The PCB image color migration device based on cluster analysis realizes adjustment and correction of the PCB image color to be detected in the PCB detection positioning device, does not need to operate the mean value and variance of the image channel, but performs local color matching, and has more accurate effect; and the main colors can be subjected to local color matching, so that interference among different colors is reduced, and the false colors are removed.

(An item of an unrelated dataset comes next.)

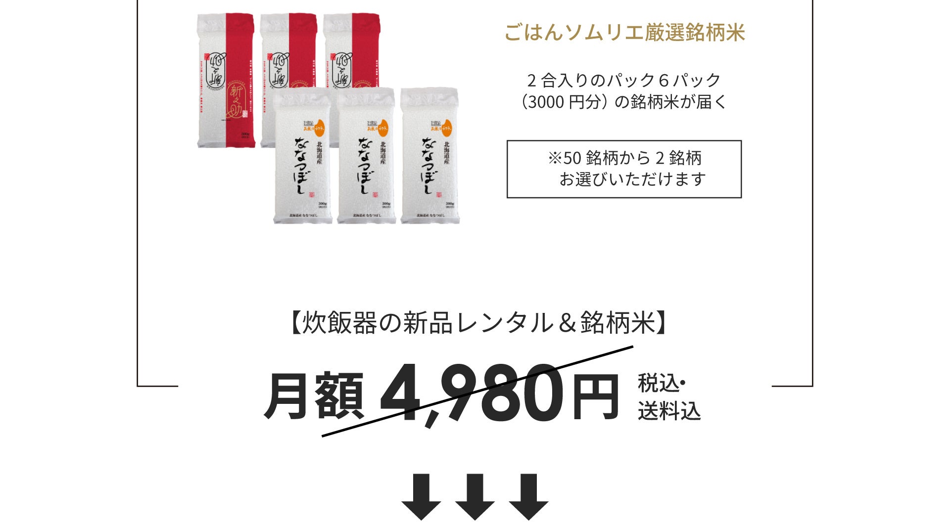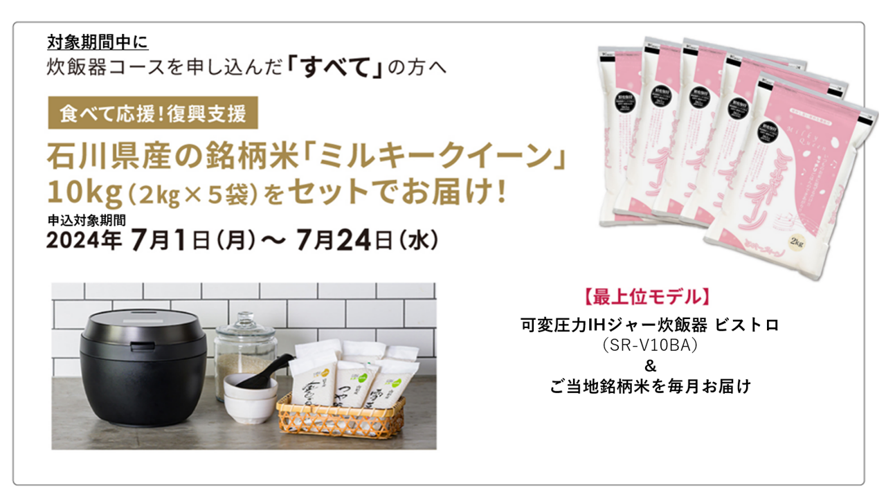 通常コースでは、新品の可変圧力IHジャー炊飯器 ビストロ(SR-V10BA)&ご当地銘柄米12合を毎月お届けしています。今回、期間限定で食べて復興応援!石川県産米のミルキークイーンを10㎏をセットでお届けします。さらに、foodable3周年感謝キャンペーン中のため、初月月額890円(送料込み・税込み)でご利用いただけます。

In addition, the PCB image color migration apparatus based on cluster analysis according to the above embodiment of the present invention may further have the following additional technical features:
further, in one embodiment of the present invention, the color space conversion module is specifically configured to:
converting the RGB color map into an LMS space to obtain an LMS color map;
and converting the LMS color map into an LAB space to obtain an LAB color map.
Further, in one embodiment of the present invention, the color clustering module uses a correlation clustering algorithm, such as SVM, bayes, KMeans, mean shift, DBSCAN, gaussian mixture model, and other clustering algorithms, to perform color clustering analysis on the PCB image.
Further, in one embodiment of the present invention, the color cluster matching module is specifically configured to:
matching the color cluster of each source image in the source image color cluster category list to the color cluster of only one target image in the target image color cluster category list, and outputting the color cluster matching result.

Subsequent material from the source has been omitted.